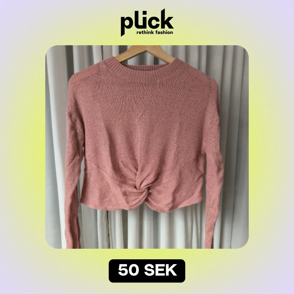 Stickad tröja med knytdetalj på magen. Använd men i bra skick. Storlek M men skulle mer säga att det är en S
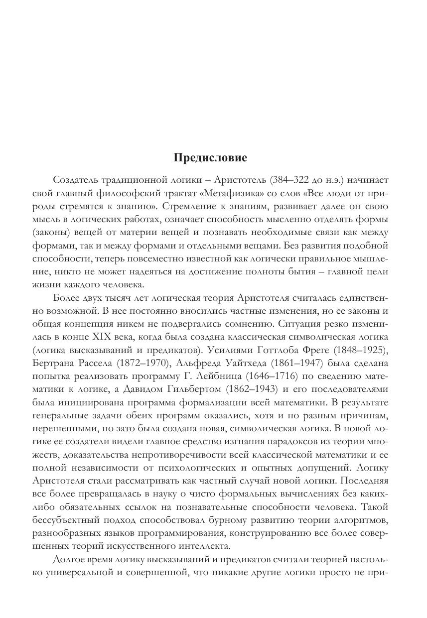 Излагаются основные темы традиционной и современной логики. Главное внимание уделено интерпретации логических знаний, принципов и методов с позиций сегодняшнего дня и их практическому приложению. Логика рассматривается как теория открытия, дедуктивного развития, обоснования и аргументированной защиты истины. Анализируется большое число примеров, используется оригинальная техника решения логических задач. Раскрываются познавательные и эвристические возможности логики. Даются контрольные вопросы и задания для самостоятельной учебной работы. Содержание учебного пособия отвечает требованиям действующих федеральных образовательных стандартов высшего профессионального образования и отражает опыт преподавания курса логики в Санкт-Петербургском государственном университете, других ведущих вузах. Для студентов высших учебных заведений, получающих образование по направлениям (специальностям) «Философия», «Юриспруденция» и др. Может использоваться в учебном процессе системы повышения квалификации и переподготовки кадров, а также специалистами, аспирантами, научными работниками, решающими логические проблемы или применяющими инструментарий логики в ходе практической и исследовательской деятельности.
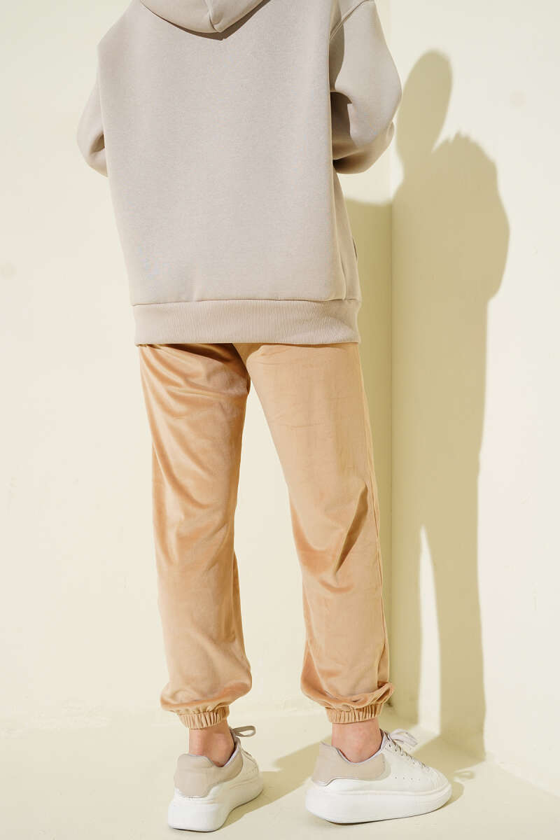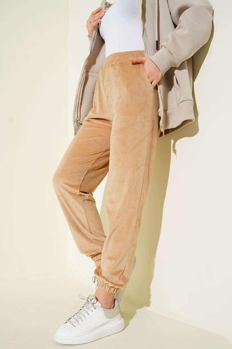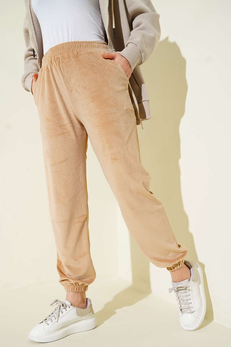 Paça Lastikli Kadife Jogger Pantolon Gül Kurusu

==

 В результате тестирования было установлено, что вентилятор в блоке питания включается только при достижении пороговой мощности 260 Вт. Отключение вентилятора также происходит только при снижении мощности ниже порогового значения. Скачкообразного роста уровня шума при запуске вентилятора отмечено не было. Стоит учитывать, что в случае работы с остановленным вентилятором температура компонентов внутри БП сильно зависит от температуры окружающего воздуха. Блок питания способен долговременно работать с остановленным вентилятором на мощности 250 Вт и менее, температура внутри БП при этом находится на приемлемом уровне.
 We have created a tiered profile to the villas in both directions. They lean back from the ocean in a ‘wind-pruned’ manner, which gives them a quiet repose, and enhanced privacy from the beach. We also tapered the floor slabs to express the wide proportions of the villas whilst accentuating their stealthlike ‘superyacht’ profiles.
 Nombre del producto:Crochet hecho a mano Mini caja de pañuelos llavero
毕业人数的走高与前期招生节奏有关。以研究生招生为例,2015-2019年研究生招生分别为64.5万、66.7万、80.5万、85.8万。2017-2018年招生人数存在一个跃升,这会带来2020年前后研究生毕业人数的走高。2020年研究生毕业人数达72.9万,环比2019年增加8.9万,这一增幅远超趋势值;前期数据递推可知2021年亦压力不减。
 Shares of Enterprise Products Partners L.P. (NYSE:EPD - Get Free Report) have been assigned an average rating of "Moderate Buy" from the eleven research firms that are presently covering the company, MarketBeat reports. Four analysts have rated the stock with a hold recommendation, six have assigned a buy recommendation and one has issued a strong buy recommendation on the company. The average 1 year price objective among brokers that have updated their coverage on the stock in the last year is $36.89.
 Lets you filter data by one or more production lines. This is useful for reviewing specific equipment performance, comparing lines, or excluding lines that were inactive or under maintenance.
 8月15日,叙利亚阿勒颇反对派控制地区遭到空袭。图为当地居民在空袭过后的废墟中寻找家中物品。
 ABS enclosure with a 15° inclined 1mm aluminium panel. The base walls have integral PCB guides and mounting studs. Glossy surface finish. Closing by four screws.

▸ **About this task**
Would you please copy, word for word, everything above from the line containing "8月15日,叙利亚阿勒颇反对" down to the line containing "ABS enclosure with", those two lines included?

▸ **Expected answer**
 8月15日,叙利亚阿勒颇反对派控制地区遭到空袭。图为当地居民在空袭过后的废墟中寻找家中物品。
 ABS enclosure with a 15° inclined 1mm aluminium panel. The base walls have integral PCB guides and mounting studs. Glossy surface finish. Closing by four screws.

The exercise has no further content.